Because Wiertz rejected the ‘artistic’ use of photography and accompanied his artwork extensively with explanatory texts, his work can be seen as a precursor of montage and ‘the literarization of life.’ Wiertz wrote texts to accompany his works. He attached written texts all over the walls of his atelier, filled with aphorisms, maxims, with his philosophical, artistic and social ideas. He was not only severely attacked
because of his use of texts, he was also criticised for the fact that his complex allegorical representations needed extensive (written) explanations to be understood. He was scolded as a ‘philosopher-painter’, Baudelaire called Wiertz a ‘litterateur’ (AP 555-6 [S7,2]). The Dutch critic Scheurleer criticised Wiertz’ work from an aesthetic point of view as too ‘programmatic’: Wiertz’ paintings were just food for thought, “illustrated maxims” (163-166). Scheurleer was not the only one who disapproved of Wiertz’ practice to convey abstract philosophical and ethical ideas with help paintings because that would eventually lead to a degeneration of art. These practices were for Benjamin conversely the reason to depict Wiertz as a precursor of the political use of (photo)montage. Firstly because of the social inspiration of his work, Benjamin even asserts that “ultimate aims” of socialism (were) hardly ever so clear as in the case of Wiertz (AP 585 [0°,16]). Secondly and more importantly, because Wiertz foresaw the political use of montage: Benjamin characterised Wiertz as a “precursor of montage (realism plus tendentiousness)” (902).

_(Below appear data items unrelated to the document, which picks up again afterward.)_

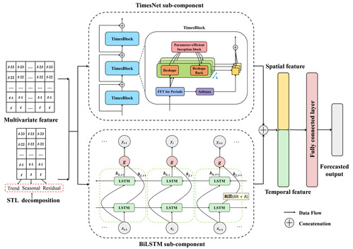 上海理工大学能动学院徐洪涛教授科研团队对此开展了深入的研究。在电力负荷预测方面,研究团队创新性地构建了一种TCN-LSTM和LightGBM的集成模型。TCN-LSTM模型能够挖掘时间序列的时空特性,弥补LightGBM模型缺乏时间感知的缺陷,可以提高集成模型预测结果的稳健性;在光伏发电功率预测方面,考虑数据的时空特性,提出了融合季节趋势分解和自动调优的并行TimesNet-BiLSTM模型,用于超短期光伏功率的预测。其中TimesNet模型用来提取数据在二维空间上的多个周期性特征,BiLSTM模型则用来解决数据的长期依赖性问题。研究利用异步连续减半算法调优超参数,显著缩短模型的训练时间。与12种基准模型(即常见的机器学习和深度学习模型)进行比较,所提出的模型在两个不同的数据集上均实现了最佳的性能,证明了模型的鲁棒性和优越性。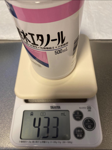 水でもエタノールでも433なのは変わらんで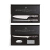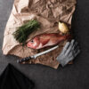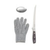 Das Set besteht aus einem Filetiermesser, einem stahlgewebten Handschuh und einer Metallseife. Der Handschuh hilft dabei, den rutschigen Fisch besser zu halten und schützt vor eventuellen Verletzungen. Die Metallseife entfernt Fisch- und Zwiebelgerüche, was gewöhnliche Seife nicht schafft. Die Klinge besteht aus deutschem X50CrMoV15 Stahl und der Griff ist aus Pakkaholz. Der Griff ist ergonomisch und durch die ausbalancierte Masse von Griff und Klinge ist das Messer bequem und einfach zu handhaben.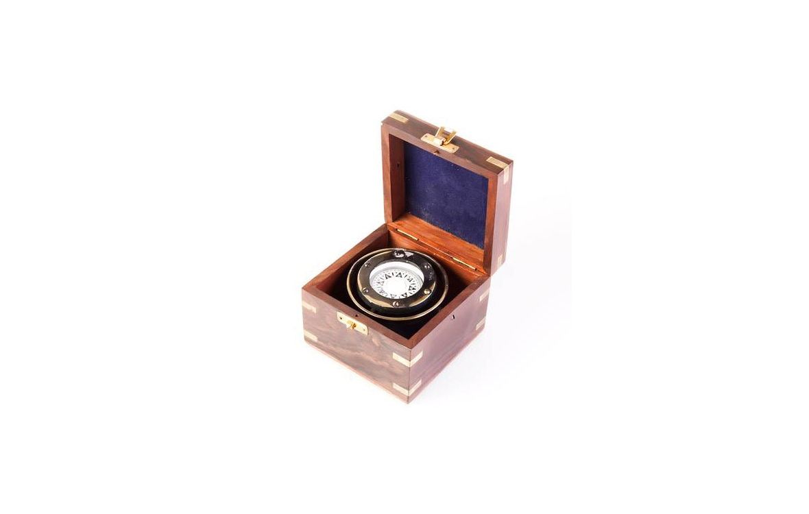 Выход есть! Никто не заподозрит, что внутри этой коробочки из красного дерева с медными фрагментами и обклеенной изнутри синим бархатом, находится настоящий морской компáс. Бронзовый, вывешенный на двух осях — он и при любой качке будет указывать Вам верное направление — строго на Север.

5. Wiertz: An anachronism ‘in the better sense of the word’
What exactly does Benjamin mean with the word precursor when he states that Wiertz is a precursor of film and montage? A precursor is for Benjamin not simply a person or phenomenon that announces the coming of another. Wiertz’ work constitutes in other words not just a stage in a linear development of the pre-history of mass culture or cinema. It is for Benjamin not sufficient to place Wiertz historically within the development of the nineteenth century mass culture. In Benjamin’s philosophy of history namely is the relation between the present and the past ‘figural’ [Bildlich]. Historical knowledge consists of images, more precisely, of dialectical images. Dialectical images are not images in which the past casts its light on what is present, or what is present casts its light on what is past, dialectical images are constellations of the past with the present (462 [N2a,3]). Benjamin characterises the dialectical images as a ‘dialectics at a standstill’ because in these images the constellation of past and present is frozen into an image. The fact that Benjamin talks about images does not mean that these images are visual or even mental representations of present and past, they only exist in language.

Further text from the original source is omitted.